Assignment:
Repeat the lines below exactly as written, please, from the line with "Афро-малагасийское соглашение по" to the line with "5月31日,车辆在新西兰南岛城市克赖斯特彻奇被水淹没的路面行驶。", both lines included, and no others.

Entries supplied:
━━━

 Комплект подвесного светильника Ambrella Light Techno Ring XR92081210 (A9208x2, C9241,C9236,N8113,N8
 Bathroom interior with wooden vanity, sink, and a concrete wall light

━━━

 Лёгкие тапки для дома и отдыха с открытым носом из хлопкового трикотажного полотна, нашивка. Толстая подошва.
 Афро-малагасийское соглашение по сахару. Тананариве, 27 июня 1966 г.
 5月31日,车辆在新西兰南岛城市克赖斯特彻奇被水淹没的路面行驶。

━━━

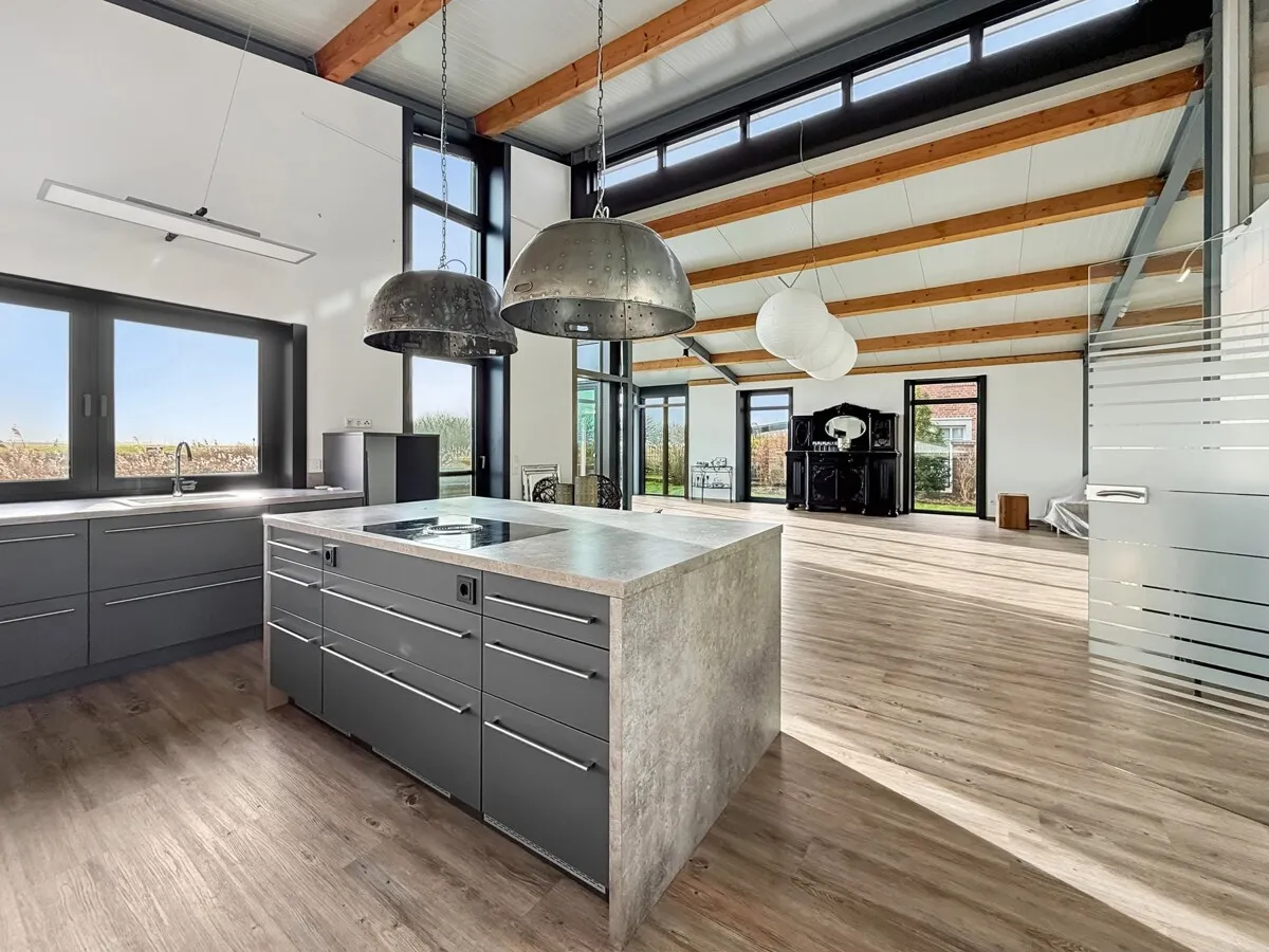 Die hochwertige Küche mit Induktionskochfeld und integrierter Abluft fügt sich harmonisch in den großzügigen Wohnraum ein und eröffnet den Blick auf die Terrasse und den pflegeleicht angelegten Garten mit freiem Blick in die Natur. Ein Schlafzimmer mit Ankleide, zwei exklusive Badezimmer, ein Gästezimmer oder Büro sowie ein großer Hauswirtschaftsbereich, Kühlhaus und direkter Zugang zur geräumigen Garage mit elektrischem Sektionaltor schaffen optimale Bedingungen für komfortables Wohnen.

━━━

Exercise result:
 Афро-малагасийское соглашение по сахару. Тананариве, 27 июня 1966 г.
 5月31日,车辆在新西兰南岛城市克赖斯特彻奇被水淹没的路面行驶。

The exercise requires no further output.